The spec resource expects the following metadata about the data source:

  • Format
    Supplies the format of the datafile that needs to be mapped. possible values (for now) are :CSV or :TSV, depending on whether your mapping a file using commas or tabs to separate the values.

    <#> :format :CSV .

  • Header rows
    Supplies a binary value that indicates if the file contains a header row (1) or not (0).

    <#> :header_rows 0 .

  • Expected header
    When :header_rows is set to 1, you can supply the header row you expect in the document.

    <#> :expected_header ( ""id","code","local_code","name","continent" ).

  • Resource
    With resource, you declare the resources that the mapping process will output. The resources that are Each mapping for each resource that is defined here,

    <#> :resource <#customer>, <#email>, <#phone>, <#affiliation>, <#sales_person> .

  • Base URI
    The base URI define the namespace where the created resources will be based under.

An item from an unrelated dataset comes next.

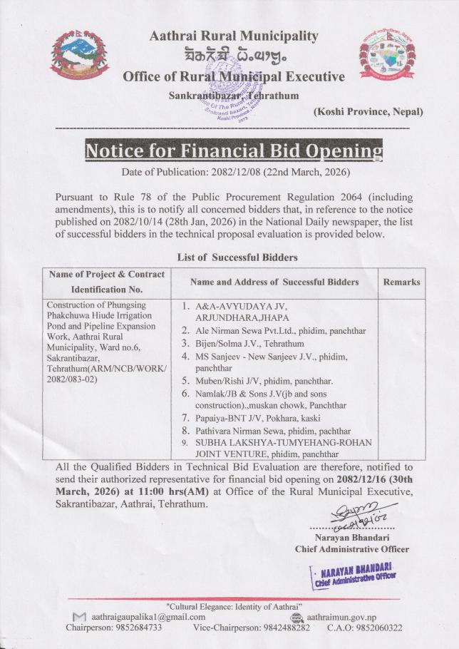 Notice for Financial Bid Opening Construction of Phungsing-Phakchuwa Hiude Irrigation Pond and Pipeline Expansion

    <#> :base_uri "http://my.data.source/test" ;

Turtle allows a shorter notation when several triples share the same subject. Declaring all above triples can be written like such:

<#> a :Spec;
  :format :CSV;
  :header_rows 1;
  :expected_header ( "\"id\",\"code\",\"local_code\",\"name\",\"continent\",\"iso_country\",\"wikipedia_link\",\"keywords\"" );
  :resource <#continent>, <#country>, <#region>, <#ourairports_region_page>, <#wikipedia_page>, <#dbpedia_resource>;
  :base_uri "http://data.kasabi.com/dataset/world_geography/".

Declaring mappings

Declaring and identifying resources

RDF uses unique URIs to identify resources. This means that these URIs need to be created from the dataset. This is done by declaring the resources and adding :identify property.

Declaring a resource works the same way as creating the :Spec object. This time, we choose a variable name, for example Continent, and say it is a :Resource.

<#continent> a :Resource .

Next, we specify how the identifying URI should be created. The value of :identify is a blank node, which is a resource that does not really exists (and has no URI), and is added in Turtle between []. Between these brackets, you can add predicates and objects as you would with any other resource. We use two predicates with our blank node:

  • Source column
    With source column, we define from which column, the values will be used to create the unique URI. This is typically a column with IDs (or primary keys), where the values are surely unique. For this, the predicate :source_column is used, the value is an integer, representing the column index (starting from 1).

  • Base URI
    Sometimes we want to use collections in our URIs. You can specify a different base URI using :base_uri, the value is a string.

This example will, for example, create the uri http://data.kasabi.com/dataset /world-geography/continents/Europe if a value in the fifth column would be "Europe".

<#continent> a :Resource;
  :identity [
    :source_column 5;
    :base_uri "http://data.kasabi.com/dataset/world-geography/continents/"
  ] .

In some case, columns will need to be combined in order to obtain a unique value (e.g., firstname and lastname). With the predicate :source_columns you can refer to the indexes of the columns you want to combine. The value are two or more integers between brackets, separated by a space. By adding :source_columns_glue, you can define a string that will be used to glue the pieces together (e.g., underscore). A slash / is used to create a deeper hierarchy in the URI.

<#ourairports_region_page> a :Resource;
  :type bibo:Webpage;
  :identity [
       :source_columns ( 6 3 ) ;
	:source_column_glue "/" ;
	:base_uri "http://www.ourairports.com/countries/"
  ].

Using URI templates

Besides simple concatenation, the URI might be constructed in more complex manner. For that reason, are URI templates supported. URI templates provide a flexible way to specify a URI using variables, and asign values afterwards. The spec can be found here.

A URI template is added to value of :identify, by using the following predicates:

  • Template
    You can specify a template using :template, the value is a string.

  • Template variables
    The variables that need to fill the variables used in the template, are added using :template_vars. The value is a list of blank nodes, each specifying a variable name and a source column:

    • Variable name
      This value represents the name of the variable used in the template. For this, the predicate :variable is used.

    • Source column
      With source column, we define from which column, the values will be used to create the unique URI. This is typically a column with IDs (or primary keys), where the values are surely unique. For this, the predicate :source_column is used, the value is an integer, representing the column index (starting from 1).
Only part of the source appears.